= Helena Pielichaty =

Author of children's books

Helena Pielichaty (pronounced Pierre-li-hatty) is the author of children's books.

Pielichaty was born in Stockholm, Sweden, on 11 September 1955, and moved to England aged five. She had a poem, Litter, published in the Yorkshire Post when she was 11. Most of her childhood was spent in Yorkshire and, as a result, she became a supporter of Huddersfield Town F.C.

She was educated at Breton Hall College, and worked as a teacher between 1978 and 2000.

Her first published novel was Vicious Circle, and she has had many books published by Oxford University Press.
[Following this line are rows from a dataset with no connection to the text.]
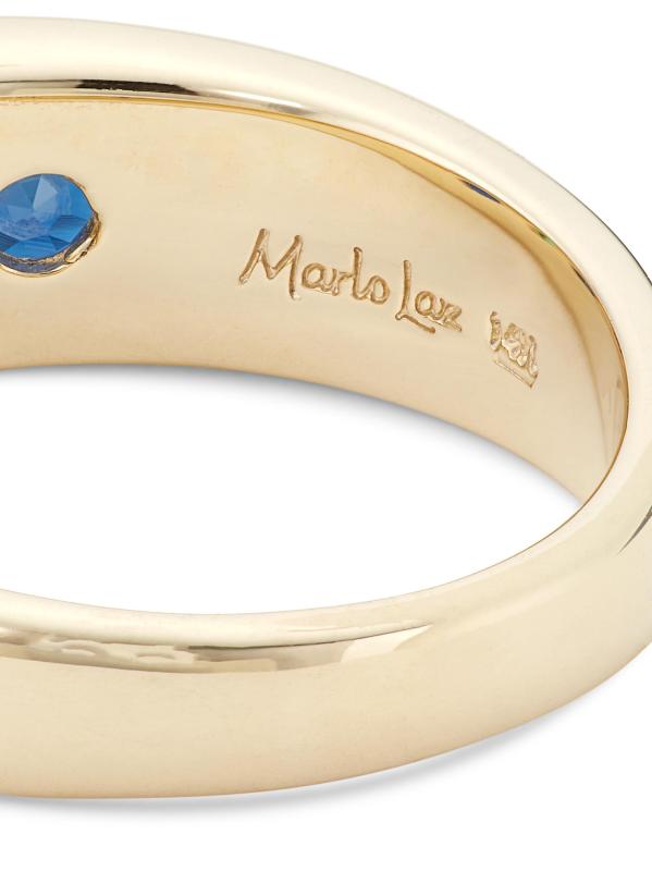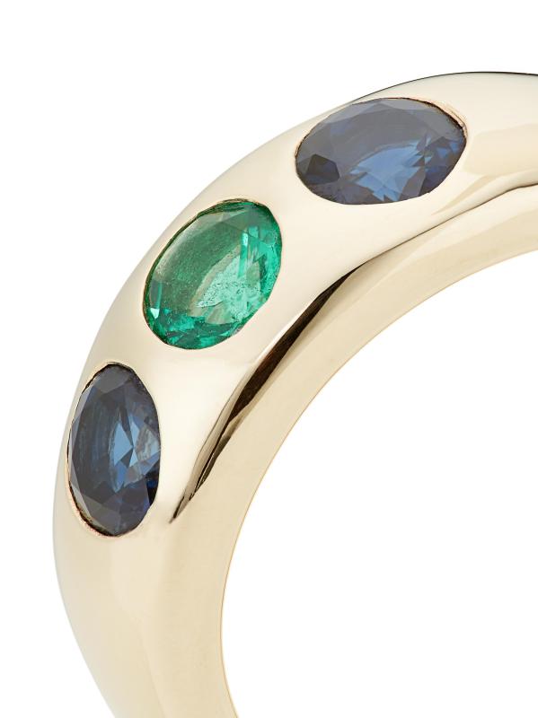 من مجموعة جيما. خاتم Marlo Laz مصنوع يدويًا من الذهب الأصفر عيار 14 قيراطًا ومرصع بقطعتين من الياقوت الأزرق المستدير النابض بالحياة والزمرد المركزي.
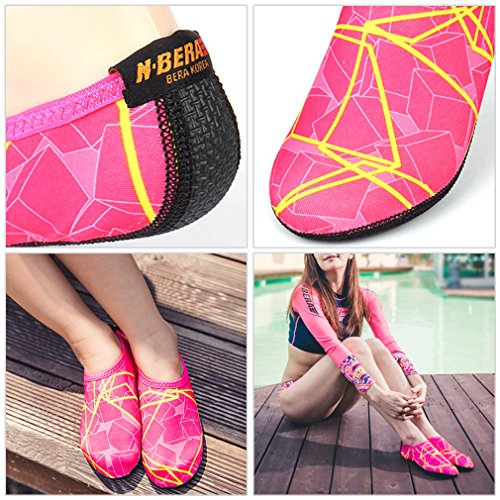 -. Binding : Apparel -. Brand : JustOneStyle -. Department : womens -. Feature : 85% polyester, 8% polyurethane, outsole:100% neoplan / Useful transparent zipper bag / Extra light weight / Dry off quickly / excellent flexible & comfortable like a socks / Outsole is noneslip.use in pool to walk , at gym or more situation. -. PackageQuantity : 1 -. ProductGroup : Shoes -. ProductTypeName : SHOES -. Title : NBERA Barefoot Flexible Water Skin Shoes Aqua Socks for Beach Swim Surf Yoga Exercise
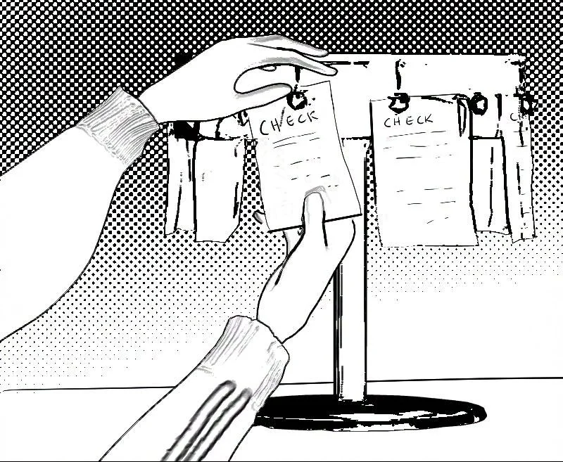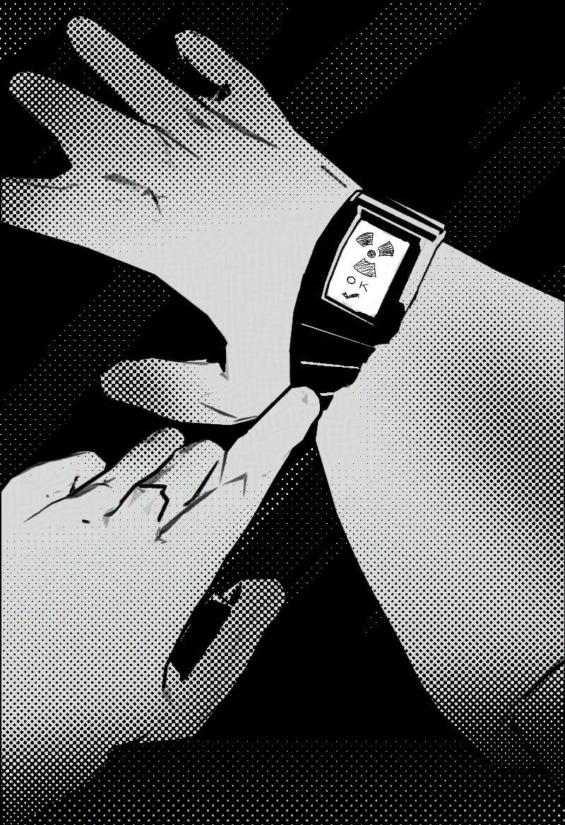 A black-and-white, stylized illustration of a person's hand wearing a smartwatch or fitness tracker, with another hand pointing to the device on their wrist.
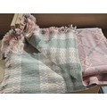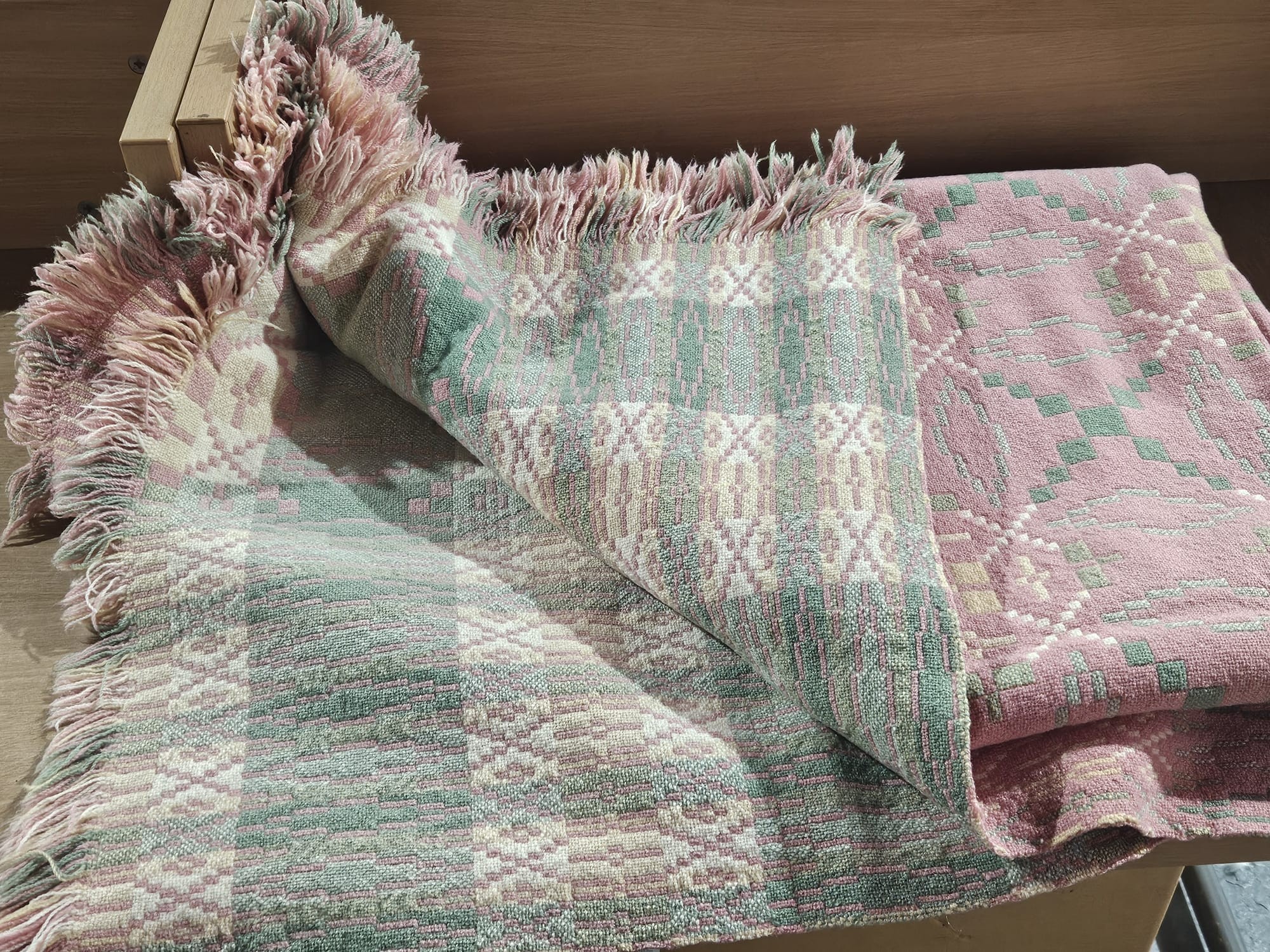 A double sided Welsh blanket - pink, green and yellow - double - good condition
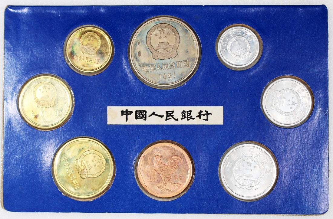 People's Republic of China, a set of uncirculated coins including 1, 2, 5 fen, 1, 2, 5 jiao, 1 yuan and together with a medal of rooster, 1981, in original plastic holder and paper case, uncirculated, several with frosty devices (8).
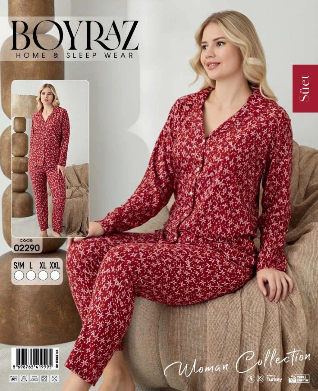Boyraz 08031 Kadın Patlı Uzun Kol Pijama Takımı
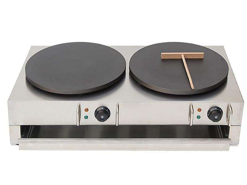Διπλή Ηλεκτρική κρεπιέρα με πλάκες μαντεμένιες. Ανοξείδωτη κατασκευή. Υπερυψωμένη τετράγωνή βάση. Ενδεικτική λυχνία λειτουργίας.
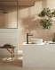 Цвет, который будет использоваться в умывальнике из переработанного материала, немного ярче, чем матовый тауп. Он также имеет натуральную поверхность. Его определенно можно сочетать с продуктами матового тауп цвета из разных группах продуктов.
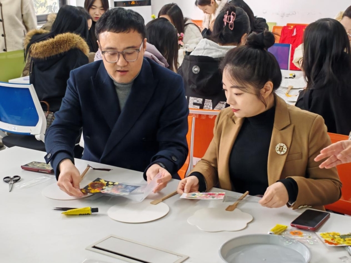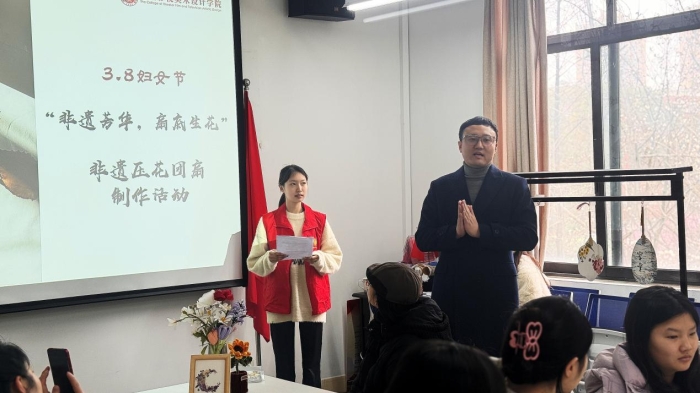 活动伊始,学院特别邀请校工会女工委主任张一舟老师与大家共同开启非遗压花团扇之旅。随后,学院王晓航院长代表学院向全体女教职工致以节日的问候与祝福。他表示:“女教职工是学院发展的中坚力量,在教书育人、艺术创作中展现了卓越的才华与担当。希望今天的活动能让大家在非遗传统手作的魅力中放松身心,以更饱满的热情投身于教学与创作,绽放新时代女性的智慧与风采。”
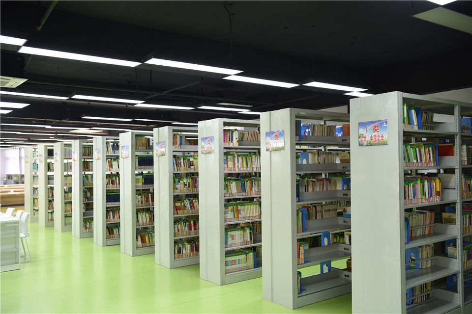 学校图书馆共三层,一层专题服务小学学生,二、三层专题服务中学学生及全体教师、职工,使用面积共三千余平方米。图书馆有九个阅览区域,其中一层阅览区二个,二层阅览区三个,三层阅览区四个,阅览座位八百二十七个。三个电子阅览室座位七十二个。
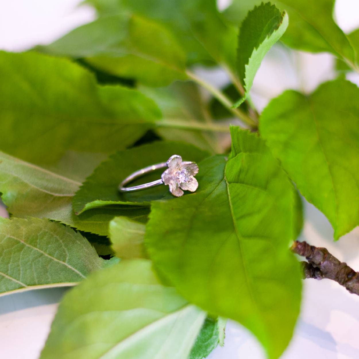 Een van onze bestsellers. Deze bloesem ring. Achter ons atelier hebben we een kleine binnenplaats met heel bijzondere appelbomen. Ieder jaar genieten we volop van de bloesem en eigenlijk willen we die niet missen als deze periode voorbij is. Dus ja waarom maken we deze niet in zilver en goud?
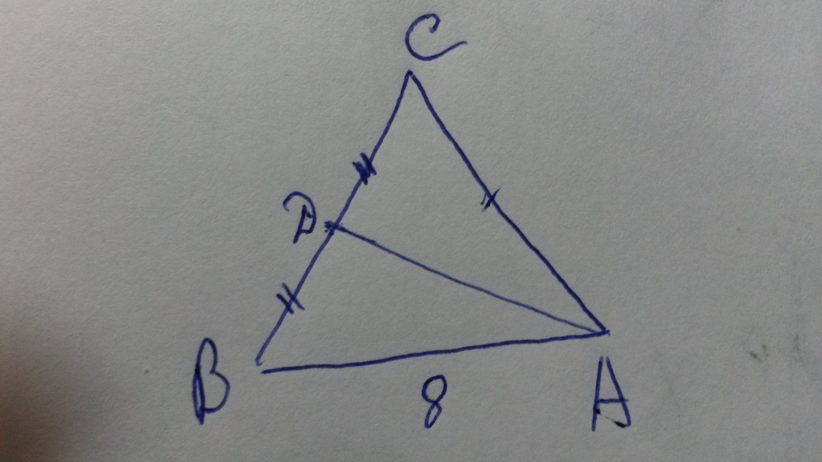 в треугольнике АВС:АС=ВС, АD - медиана.Разность периметров треугольника АСD и ADB равна 2 м, АВ=8м.Найдите АС.
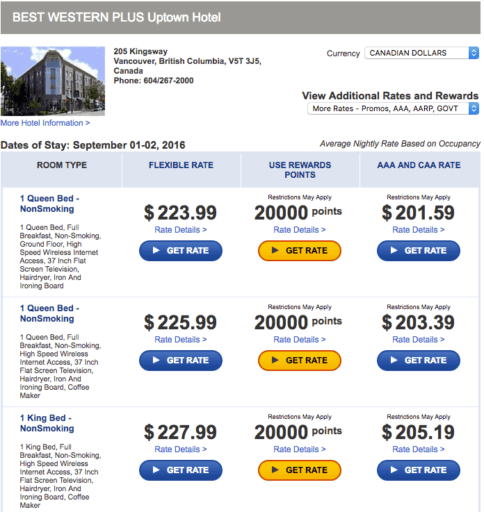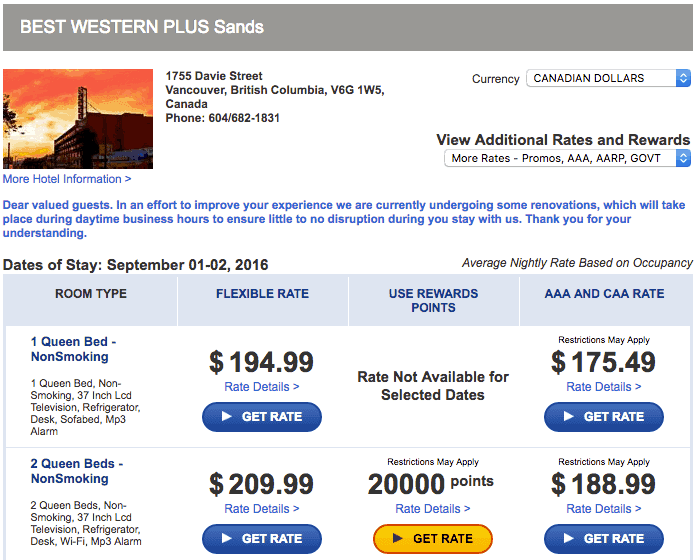 Comme vous le voyez, il est possible d’économiser grâce aux miles Aéroplan, aux points Marriott Bonvoy ou Best Western Rewards.
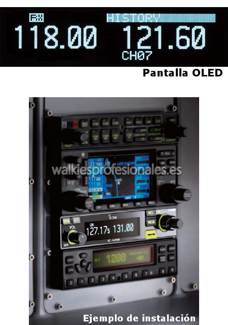 La emisora ICOM IC-A210E de banda aérea destaca por su gran pantalla OLED que contiene un diodo emisor de luz orgánico que emite luz por si mismo ofreciendo muchas ventajas. Entre ellas nos aporta brillo, intensidad, alto contraste, un amplio ángulo de visión y tiempo de respuesta, características que hacen de esta pantalla mucho mejor si la comparamos con una pantalla convencional. Además incorpora la función de atenuación automática para adaptarse a las diferentes condiciones de luz tanto de día como de noche.
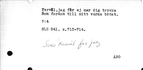//// Farväl, jag får ej mer dig trycka //// Som fordom till mitt varma bröst. //// 7:4 //// t -- * //// * ^ //// SLS 541, s.713-714. //// 3 //// ! A ' //// { //// IF . //// t< //// ÅBO ////
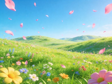 清新文艺风格插画,澄澈如洗的薄荷蓝天空下,无垠的嫩绿色草地如丝绒般铺展至天际,一位身着象牙白棉布裙、手持柠檬黄雨伞的小女孩正轻盈奔跑,伞沿滚落的水珠在阳光下折射出细碎彩虹,身后赤着上身的男孩穿着靛蓝色短裤,麦色皮肤上沾着草叶的露珠,他张开双臂追逐着前方飘动的白色裙裾,远处地平线处有几朵蓬松的蒲公英正在起飞,整个画面沐浴在清晨9点的柔光中,青草与湿润泥土的气息仿佛从画中溢出,构图采用低角度仰拍的远景视角,让奔跑的身影与广阔天地形成充满希望的比例关系。
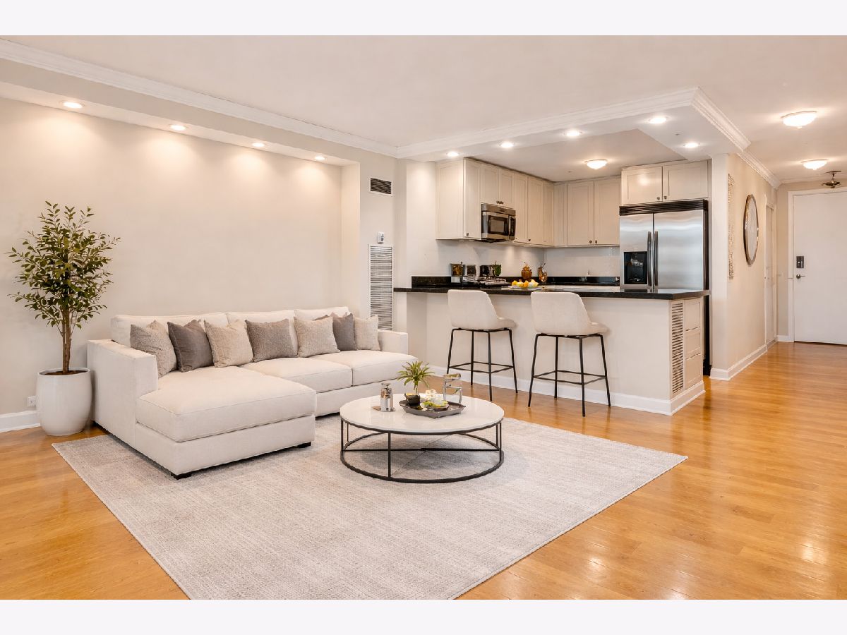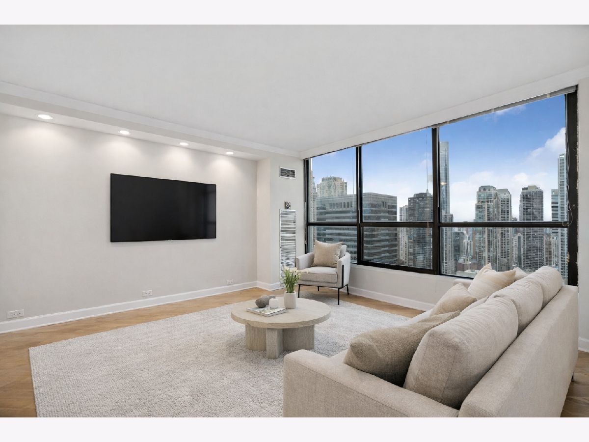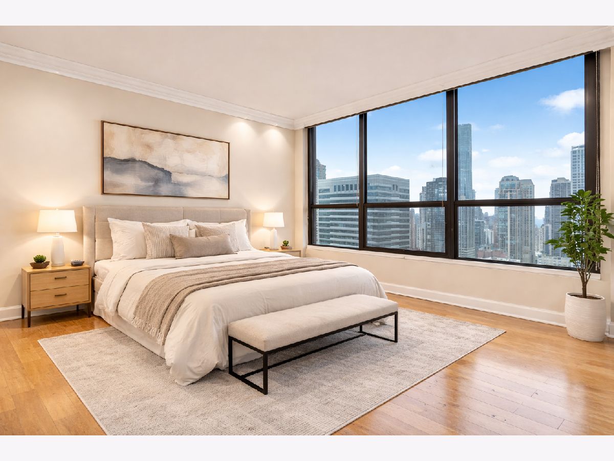 Spectacular high-floor 1-bedroom with a beautifully remodeled kitchen in the full-amenity River Plaza, ideally located along the Chicago River in the heart of River North. Bright and airy with stunning city views, this residence features hardwood flooring throughout and a thoughtfully designed layout. The updated kitchen offers stainless steel appliances, shaker-style cabinetry, granite countertops, breakfast bar, and subway tile backsplash. Spacious living and dining area with excellent natural light. Generous bedroom with ample closet space including a large walk-in entry closet plus additional storage. Well-appointed bath with marble vanity, natural stone tile, and multi-jet shower system. Freshly painted in 2025 and move-in ready. Full-service building with 24-hour door staff, indoor pool, hot tub, sundeck, fitness center, hospitality room, business center, package receiving, valet cleaners, and on-site management. HOA includes heat, A/C, cable, and high-speed internet. Strong reserves at 1,838,000 (2/28/2025) with no planned special assessments. Owner occupancy 64/100. No rental cap. One-year lease minimum. No in-unit laundry permitted. On-site laundry available. Garage parking available for lease or purchase. Prime location steps to the Chicago Riverwalk, Michigan Avenue, dining, shopping, nightlife, and public transportation. Tenant pays 2300 per month, will not be renewing the lease and it is occupied until June 30th.
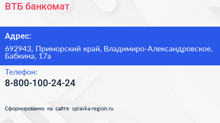 ВТБ, банкомат по адресу 692943, Приморский край, Владимиро-Александровское, Бабкина, 17а в дальнейшем Организация, размещена в следующих категориях:

Her fiction for teenagers deals with topics such as poverty, bullying and depression. She says "I use a lot of humour to carry through some tough subjects, such as mental illness, poverty, and feeling different." Her book series include The After School Club and Girls FC (about women's football).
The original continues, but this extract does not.